Para Pemuda Israel Pilih Dipenjara ketimbang Perang di Gaza, Alasannya Mengejutkan
TEL AVIV, iNews.id - Seorang pemuda Israel Itamar Greenberg sudah biasa masuk-keluar penjara. Bukan karena dia penjahat jalanan, tapi menolak panggilan wajib militer, termasuk tentunya dikirim ke medan perang Jalur Gaza.
Pria 18 tahun itu menghabiskan 197 hari di dalam penjara dalam setahun terakhir. Masa hukuman itu untuk lima kali penolakan wajib militer yang dia lakukan. Teranyar, Greenberg baru dibebaskan pada awal Maret dari penjara Neve Tzedek.
Dia menjelaskan, penolakannya untuk mengikuti wajib militer merupakan hasil pertimbangan yang panjang.
“Semakin banyak yang saya pelajari, semakin saya tahu bahwa saya tidak bisa mengenakan seragam melambangkan pembunuhan dan penindasan,” katanya, kepada CNN, seraya menyebut perang Israel di Gaza, memperkuat keputusannya untuk menolak.
“Ada genosida. Jadi, kita tidak butuh alasan yang kuat lagi (untuk menolak),” tuturnya, menambahkan.
Gempa M5,2 Guncang Borong NTT
Pemerintah Israel membantah tuduhan bahwa perang di Gaza merupakan genosida terhadap rakyat Palestina, melainkan untuk membela keamanan nasional. Namun tidak bagi Greenberg. Pembantaian anak-anak dan perempuan sudah dilakukan terang-benderang.
"Saya menginginkan perubahan ini dan saya akan mengorbankan nyawa saya untuk itu," kata Greenberg, mengenai keputusannya yang bulat untuk memilih penjara daripada bertugas di Pasukan Pertahanan Israel (IDF).
Pilihan Greenberg itu jelas tidak populer di kalangan pria seusianya. Pasalnya, menolak wajib militer, apalagi dalam kondisi negara sedang berperang, adalah keputusan yang konsekuensinya sangat berat, bahkan pengucilan.
Di Israel, militer lebih dari sekadar institusi, melainkan tatanan sosial. Dinas militer dan identitas sebagai seorang Yahudi saling terkait erat.
Bahkan sejak sekolah dasar (SD), semua murid diajarkan bahwa suatu saat kelak akan menjadi tentara untuk melindungi anak-anak seperti mereka.

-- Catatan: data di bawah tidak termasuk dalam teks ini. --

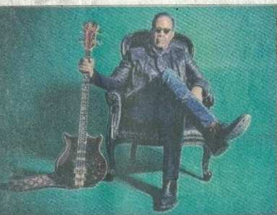
Stanley Clarke présentera son dernier opus, "Basic collection" dans les bacs depuis le 26 avril.
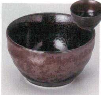
111-37-674 黒水晶深型珍珠 300円 8.3×4.5cm 11137674
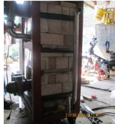
Gambar 26. Pemasangan Batu Tahan Api
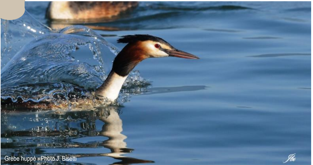
Grèbe huppé

Renseignements auprès de Louis Rose 04 50 46 90 89 ou louis.rose@sfr.fr
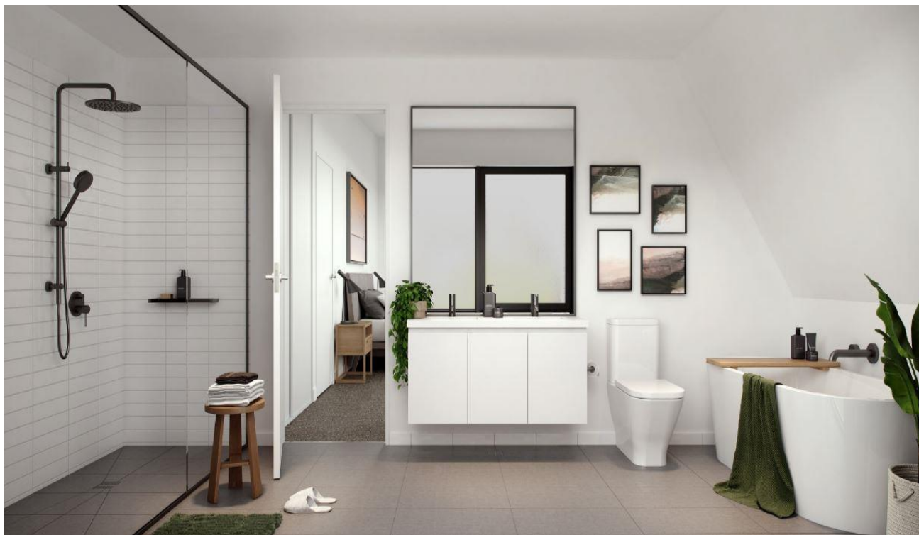
1、户型: Townhouse 1, 3室 2卫+ powder+laundry, 2车位, 面积 185.1 平方米, 价格: $845,000。
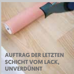
AUFTRAG DER LETZTEN SCHICHT VOM LACK, UNVERDÜNNT
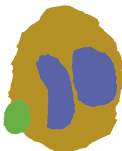
Pero Papá Azul y Mamá Azul dijeron: «Tú no eres nuestro Pequeño Azul. Tú eres verde!»
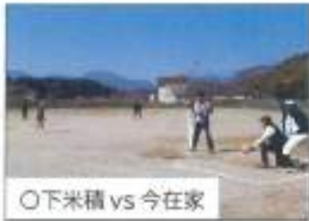
○下米積 vs 今在家
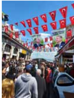
Vaalihuumaa toukokuun vaalien edellä
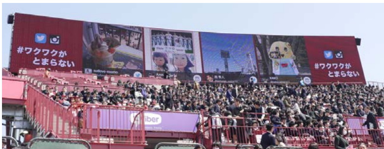
「SNS ファンメッセージビデオ表示システム」は SNS でのファン投稿を大型 LED ビジョンに表示
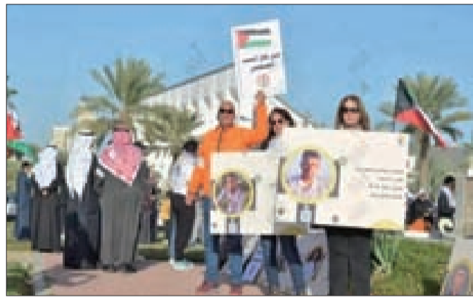
مشاركون في الوقفة يرفعون صور شهداء جنين

وأشاروا إلى أنّ التوافق الشعبي والموقف الرسمي منسجمان بتقديم كل أشكال الدعم للشعب الفلسطيني الشقيق والرفض القاطع لجرائم الكيان الصهيوني. ورفع المشاركون في الوقفة صور شهداء جنين الذين، منذ بداية العدوان الصهيوني المتواصل، بينما المجتمع الدولي يتفرّج.
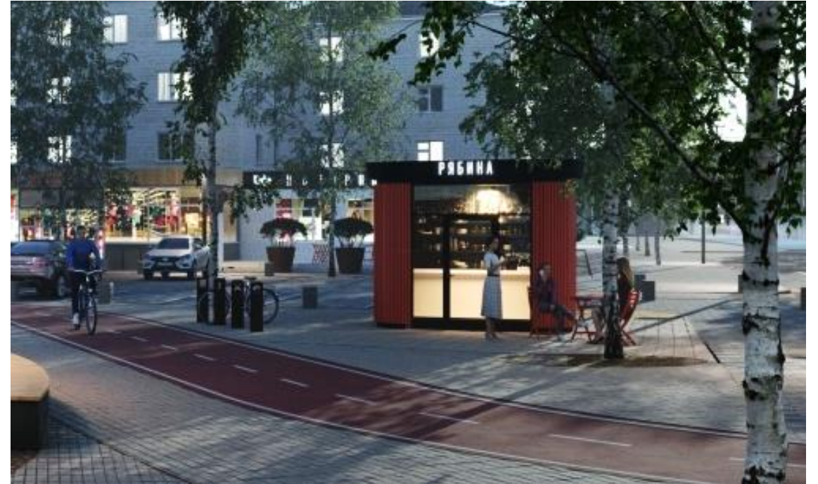
концепт-дизайн места размещения нестационарного торгового объекта в проекте благоустройства «Ковдорский магнит»
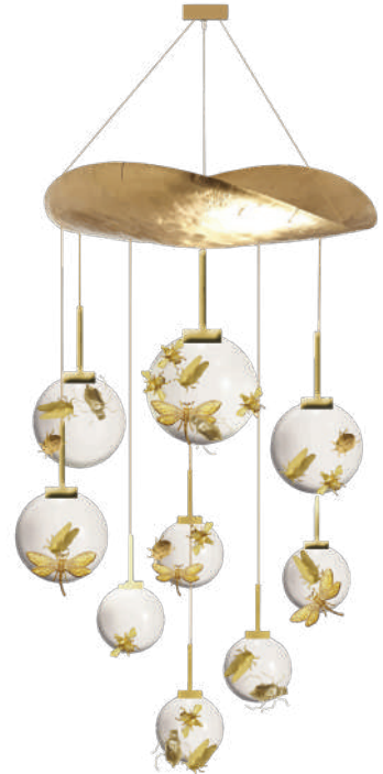
Bassin des Nymphéas Lustre
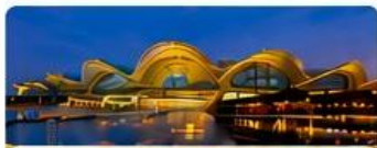
พิก FEI XING HOTEL เทียบเท่า 4 ดาว Local

Tentara-tentara bahkan mendatangi ruang kelas dan sekolah untuk mendorong siswa untuk mendaftar wajib militer.
Pada usia 16 tahun, para siswa menerima perintah perekrutan pertama dan puncaknya adalah wajib militer pada usia 18 tahun. Banyak di antara kalangan Yahudi meyakini bahwa perang suatu kehormatan, tugas mulia, sekaligus ibadah.
Greenberg harus menerima kenyataan pahit, sampai dikucilkan oleh keluarganya. Dia bahkan disebut sebagai orang Yahudi yang membenci diri sendiri, antisemit, pendukung teroris, dan pengkhianat.
“Orang-orang mengirim pesan kepada saya di Instagram dan mengatakan bahwa mereka akan membantai saya, seperti yang Hamas lakukan kepada orang Israel pada 7 Oktober,” ujarnya.
Bahkan di penjara, Greenberg harus ditempatkan di sel isolasi setelah mendapat ancaman dari sesama tahanan.
Meskipun dikucilkan secara sosial, dia serta komunitas jaringan organisasi penolak wajib militer, tetap teguh pada pendirian mereka. Greenberg bukan satu-satunya pemuda Israel yang memilih jalan itu.
Mesarvot, organisasi yang mendukung para pembangkan wajib militer, mengungkap sejauh ini jumlah orang seperti sangat kecil. Hanya belasan pemuda yang secara terang-terangan menolak wajib militer atas dasar hati nurani, sejak dimulainya perang 7 Oktober 2023.
Namun jumlah itu sudah lebih tinggi daripada tahun-tahun sebelum perang.
Mesarvot mengungkap, ada jauh lebih banyak penolak yang masuk kategori abu-abu. Ada juga yang berusaha menghindarinya dengan berbagai alasan bohong, seperti mengalami gangguan mental. Mereka yanhg mengalami gangguan jiwa tak akan dihukum penjara.
Yesh Gvul, anggota kelompok antiperang lain, mengatakan setiap tahun rata-rata 20 persen anak muda menolak wajib militer.
Militer Israel tidak menerbitkan angka tentang penolakan wajib militer.